Flat no-leads packages such as quad-flat no-leads (QFN) and dual-flat no-leads (DFN) physically and electrically connect integrated circuits to printed circuit boards. Flat no-leads, also known as micro leadframe (MLF) and SON (small-outline no leads), is a surface-mount technology, one of several package technologies that connect ICs to the surfaces of PCBs without through-holes. Flat no-lead is a near chip scale plastic encapsulated package made with a planar copper lead frame substrate. Perimeter lands on the package bottom provide electrical connections to the PCB. Flat no-lead packages usually, but not always, include an exposed thermally conductive pad to improve heat transfer out of the IC (into the PCB). Heat transfer can be further facilitated by metal vias in the thermal pad. The QFN package is similar to the quad-flat package (QFP), and a ball grid array (BGA).

== Flat no-lead cross-section ==

QFN side view.

The figure shows the cross section of a flat no-lead package with a lead frame and wire bonding. There are two types of body designs, punch singulation and saw singulation. Saw singulation cuts a large set of packages in parts. In punch singulation, a single package is moulded into shape. The cross section shows a saw-singulated body with an attached thermal head pad. The lead frame is made of copper alloy and a thermally conductive adhesive is used for attaching the silicon die to the thermal pad. The silicon die is electrically connected to the lead frame by 1–2 thou diameter gold wires.

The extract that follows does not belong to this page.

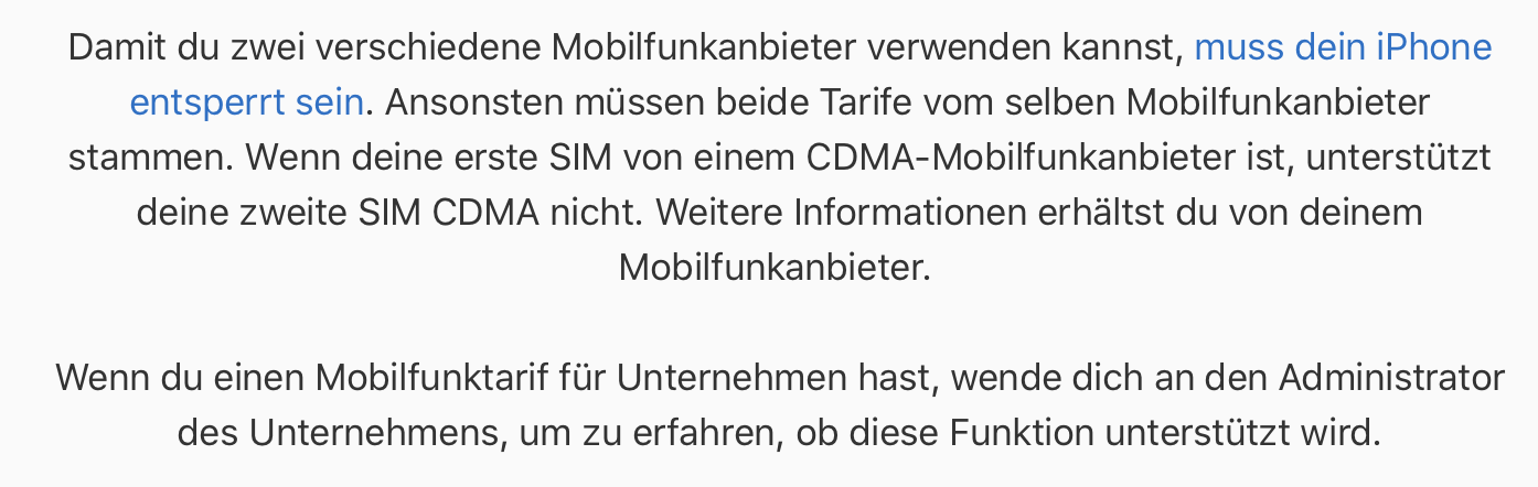 SMS und iMessage können nicht über zweite SIM-Karte verschickt werden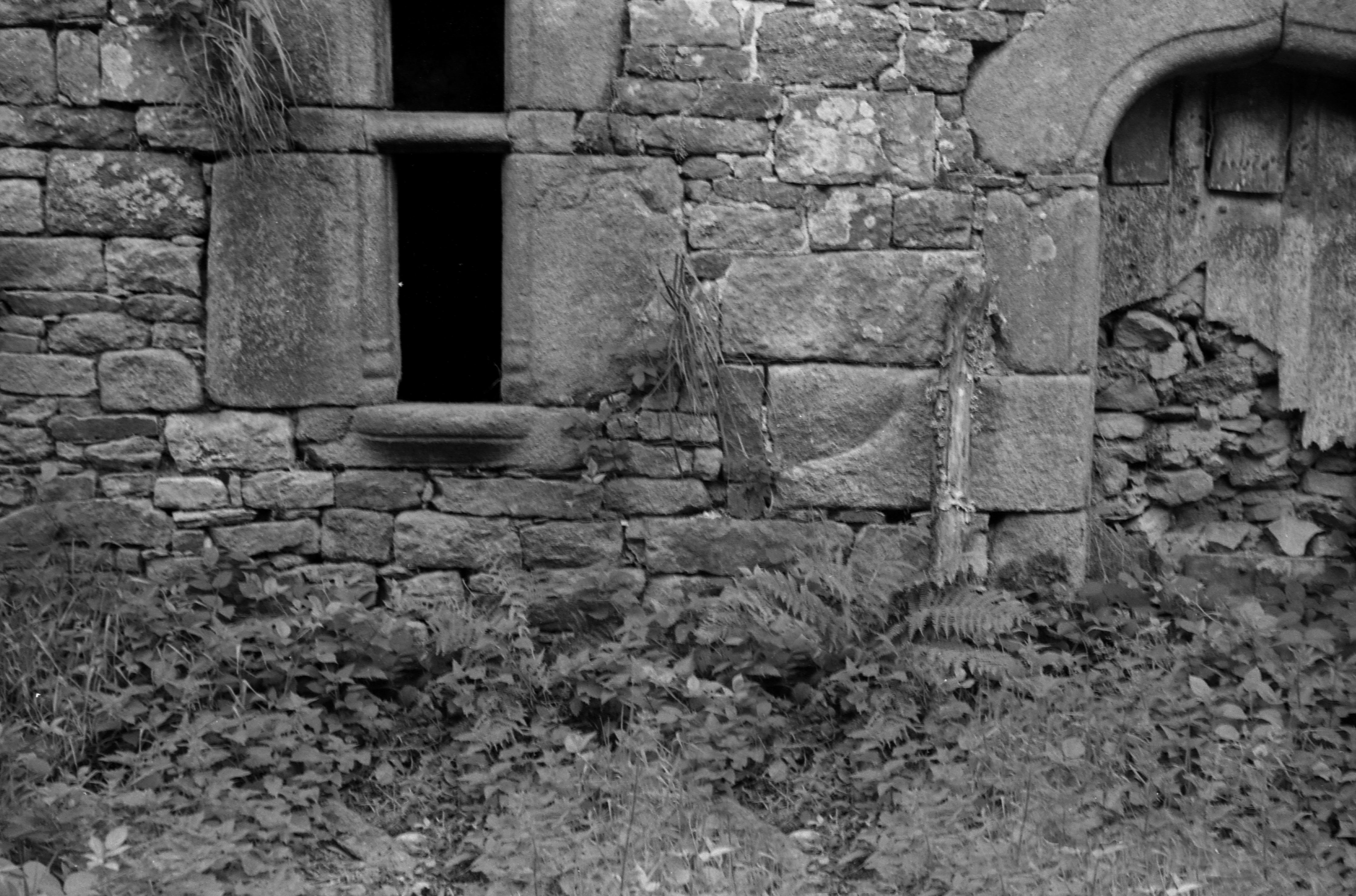 Plufur, Run ar Manac'h Braz : logis datable du 16e siècle, vue partielle de l'élévation antérieure (porte et fenêtre), photographie de 1969Immatriculation

The pads of a saw-singulated package can either be completely under the package, or they can fold around the edge of the package.

== Different types ==
Two types of QFN packages are common: air-cavity QFNs, with an air cavity designed into the package, and plastic-moulded QFNs with air in the package minimized.

Less-expensive plastic-moulded QFNs are usually limited to applications up to ~2–3 GHz. It is usually composed of just 2 parts, a plastic compound and copper lead frame, and does not come with a lid.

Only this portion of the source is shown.